### THE TASK
Return the full listing unchanged, excluding any images it contains.

### DATA EXTRACT

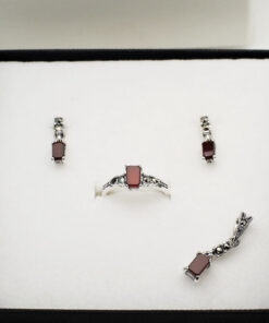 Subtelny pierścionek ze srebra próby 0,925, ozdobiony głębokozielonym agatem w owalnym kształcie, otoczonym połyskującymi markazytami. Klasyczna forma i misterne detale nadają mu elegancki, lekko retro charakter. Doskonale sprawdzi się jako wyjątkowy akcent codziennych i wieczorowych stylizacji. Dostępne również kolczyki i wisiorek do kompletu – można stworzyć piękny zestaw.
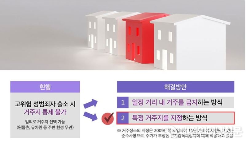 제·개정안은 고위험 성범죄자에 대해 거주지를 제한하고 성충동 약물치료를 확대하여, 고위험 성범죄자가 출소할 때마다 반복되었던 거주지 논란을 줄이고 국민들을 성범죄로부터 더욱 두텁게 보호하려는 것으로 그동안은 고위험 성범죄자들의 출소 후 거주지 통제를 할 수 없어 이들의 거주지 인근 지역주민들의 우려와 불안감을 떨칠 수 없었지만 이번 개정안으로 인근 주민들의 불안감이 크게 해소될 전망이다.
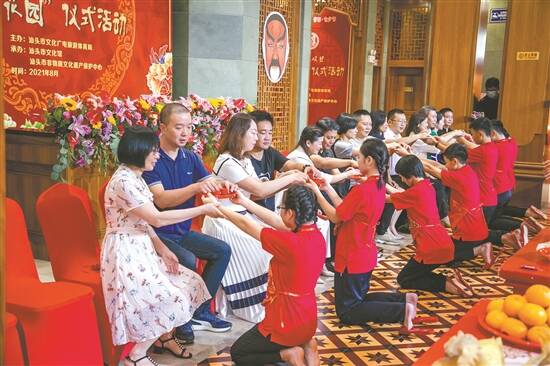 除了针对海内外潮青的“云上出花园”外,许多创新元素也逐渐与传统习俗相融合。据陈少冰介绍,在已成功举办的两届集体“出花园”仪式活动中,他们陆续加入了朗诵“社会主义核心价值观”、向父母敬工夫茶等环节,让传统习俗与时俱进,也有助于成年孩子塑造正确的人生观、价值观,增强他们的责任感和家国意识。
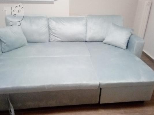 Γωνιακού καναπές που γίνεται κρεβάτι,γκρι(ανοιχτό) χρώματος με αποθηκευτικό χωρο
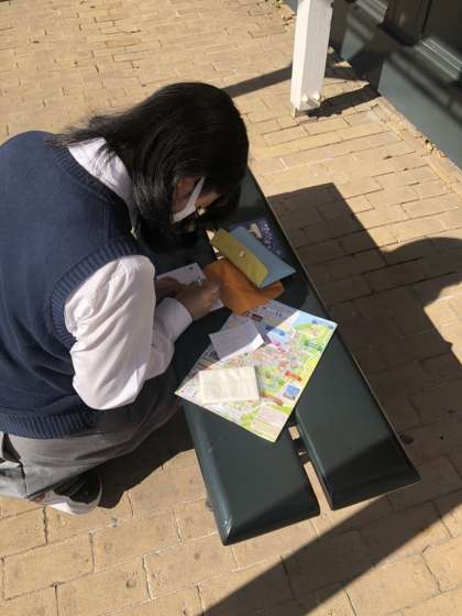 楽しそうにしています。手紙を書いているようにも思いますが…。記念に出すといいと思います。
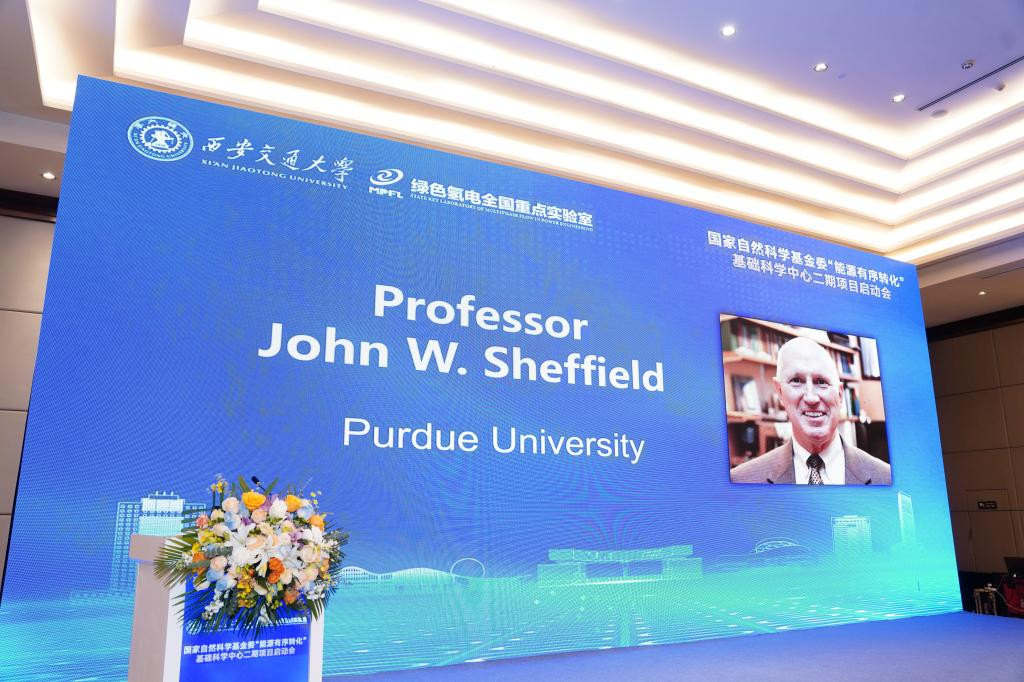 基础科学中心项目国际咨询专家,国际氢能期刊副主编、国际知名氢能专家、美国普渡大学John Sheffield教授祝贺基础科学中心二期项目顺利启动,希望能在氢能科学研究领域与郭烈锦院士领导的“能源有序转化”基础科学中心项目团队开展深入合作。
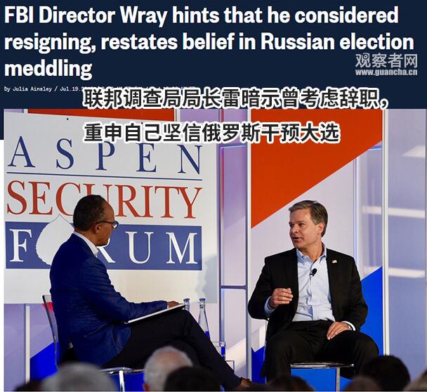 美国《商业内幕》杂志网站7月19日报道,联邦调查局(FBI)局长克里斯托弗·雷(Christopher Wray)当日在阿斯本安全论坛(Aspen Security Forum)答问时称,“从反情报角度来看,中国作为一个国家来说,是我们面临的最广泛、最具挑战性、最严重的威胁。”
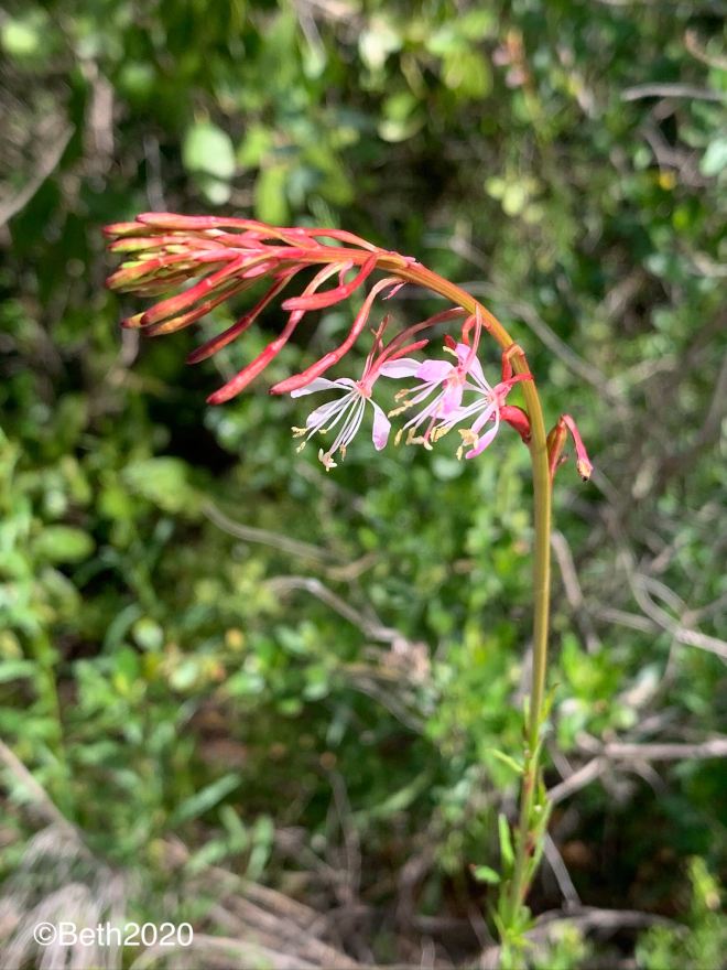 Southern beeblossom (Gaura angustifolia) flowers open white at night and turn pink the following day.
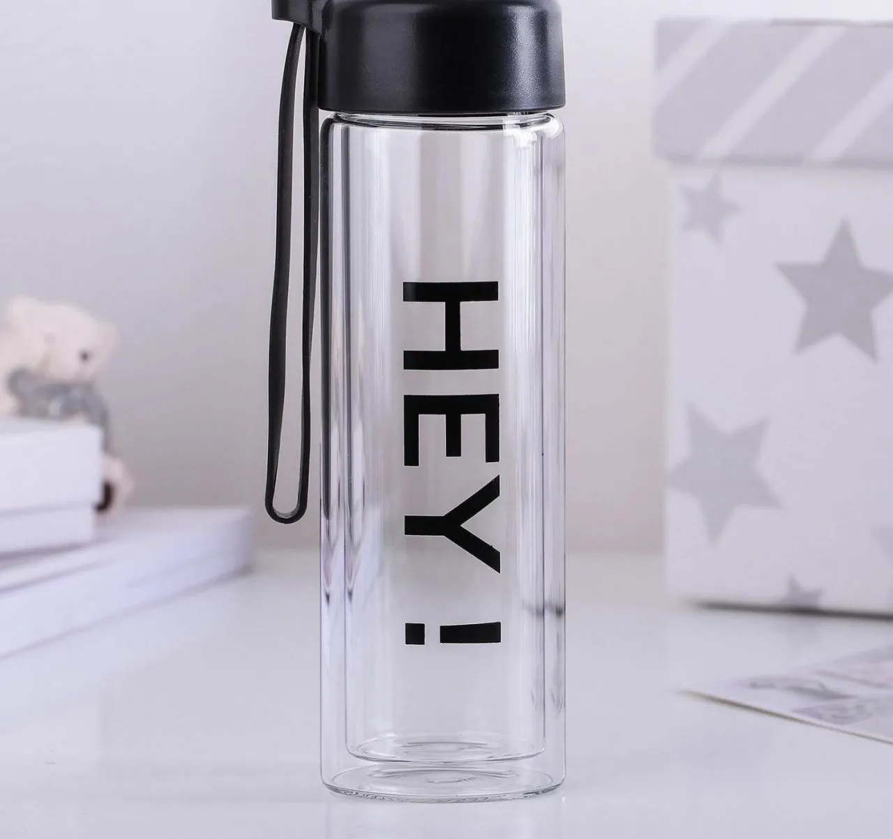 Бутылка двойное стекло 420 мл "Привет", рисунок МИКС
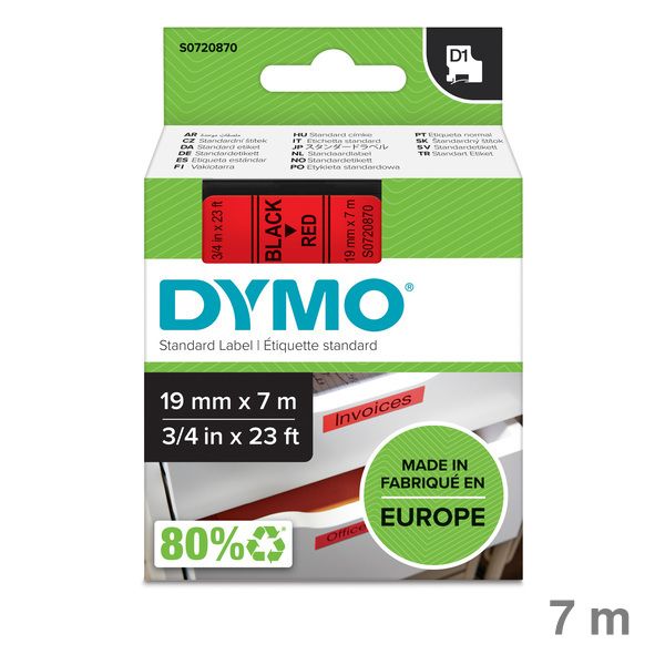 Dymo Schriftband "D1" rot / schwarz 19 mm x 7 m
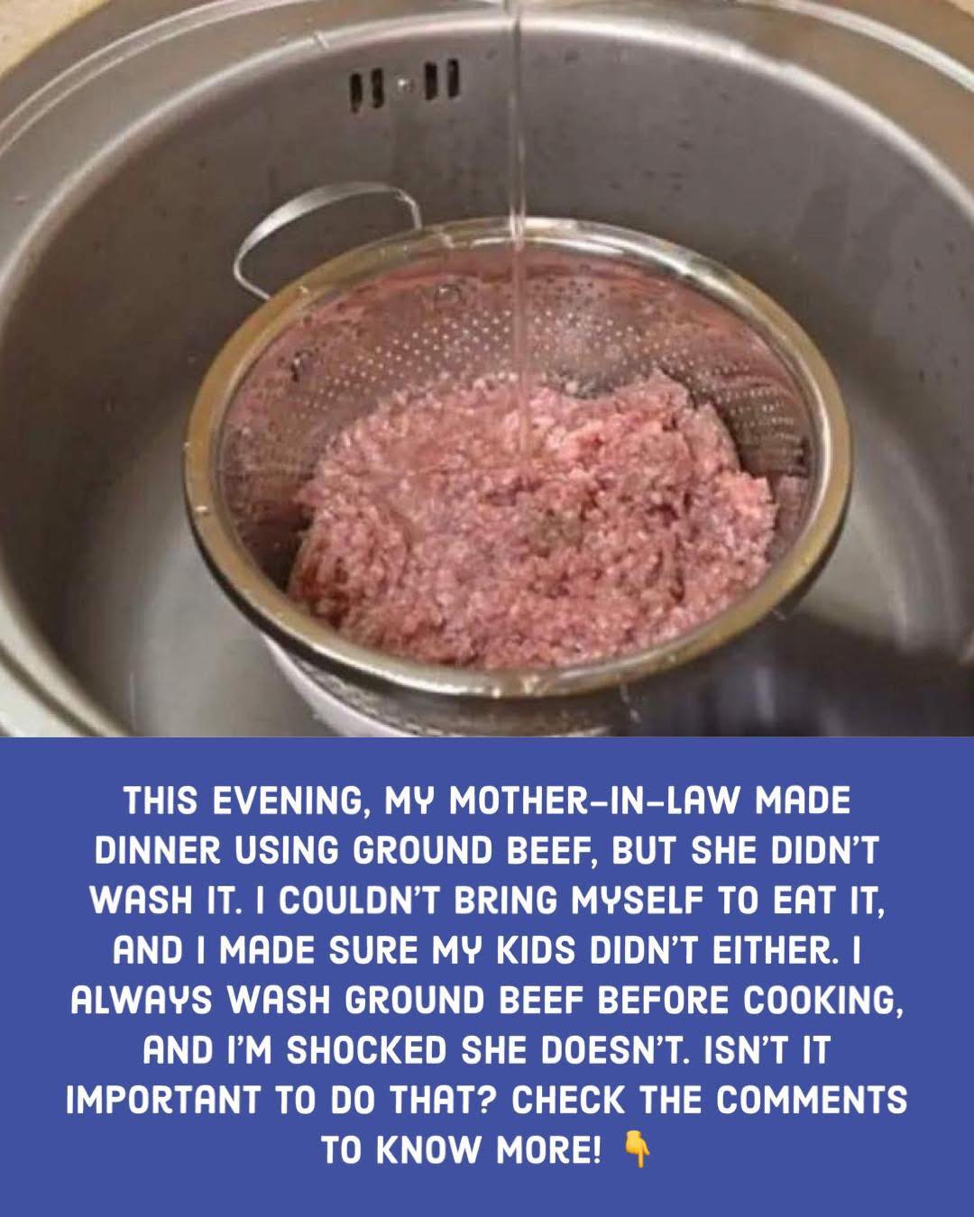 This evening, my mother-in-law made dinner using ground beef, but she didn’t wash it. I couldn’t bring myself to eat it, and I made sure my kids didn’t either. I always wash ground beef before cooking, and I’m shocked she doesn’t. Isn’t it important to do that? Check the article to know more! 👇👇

### WRITTEN ANSWER
 Subtelny pierścionek ze srebra próby 0,925, ozdobiony głębokozielonym agatem w owalnym kształcie, otoczonym połyskującymi markazytami. Klasyczna forma i misterne detale nadają mu elegancki, lekko retro charakter. Doskonale sprawdzi się jako wyjątkowy akcent codziennych i wieczorowych stylizacji. Dostępne również kolczyki i wisiorek do kompletu – można stworzyć piękny zestaw.
 제·개정안은 고위험 성범죄자에 대해 거주지를 제한하고 성충동 약물치료를 확대하여, 고위험 성범죄자가 출소할 때마다 반복되었던 거주지 논란을 줄이고 국민들을 성범죄로부터 더욱 두텁게 보호하려는 것으로 그동안은 고위험 성범죄자들의 출소 후 거주지 통제를 할 수 없어 이들의 거주지 인근 지역주민들의 우려와 불안감을 떨칠 수 없었지만 이번 개정안으로 인근 주민들의 불안감이 크게 해소될 전망이다.
 除了针对海内外潮青的“云上出花园”外,许多创新元素也逐渐与传统习俗相融合。据陈少冰介绍,在已成功举办的两届集体“出花园”仪式活动中,他们陆续加入了朗诵“社会主义核心价值观”、向父母敬工夫茶等环节,让传统习俗与时俱进,也有助于成年孩子塑造正确的人生观、价值观,增强他们的责任感和家国意识。
 Γωνιακού καναπές που γίνεται κρεβάτι,γκρι(ανοιχτό) χρώματος με αποθηκευτικό χωρο
 楽しそうにしています。手紙を書いているようにも思いますが…。記念に出すといいと思います。
 基础科学中心项目国际咨询专家,国际氢能期刊副主编、国际知名氢能专家、美国普渡大学John Sheffield教授祝贺基础科学中心二期项目顺利启动,希望能在氢能科学研究领域与郭烈锦院士领导的“能源有序转化”基础科学中心项目团队开展深入合作。
 美国《商业内幕》杂志网站7月19日报道,联邦调查局(FBI)局长克里斯托弗·雷(Christopher Wray)当日在阿斯本安全论坛(Aspen Security Forum)答问时称,“从反情报角度来看,中国作为一个国家来说,是我们面临的最广泛、最具挑战性、最严重的威胁。”
 Southern beeblossom (Gaura angustifolia) flowers open white at night and turn pink the following day.
 Бутылка двойное стекло 420 мл "Привет", рисунок МИКС
 Dymo Schriftband "D1" rot / schwarz 19 mm x 7 m
 This evening, my mother-in-law made dinner using ground beef, but she didn’t wash it. I couldn’t bring myself to eat it, and I made sure my kids didn’t either. I always wash ground beef before cooking, and I’m shocked she doesn’t. Isn’t it important to do that? Check the article to know more! 👇👇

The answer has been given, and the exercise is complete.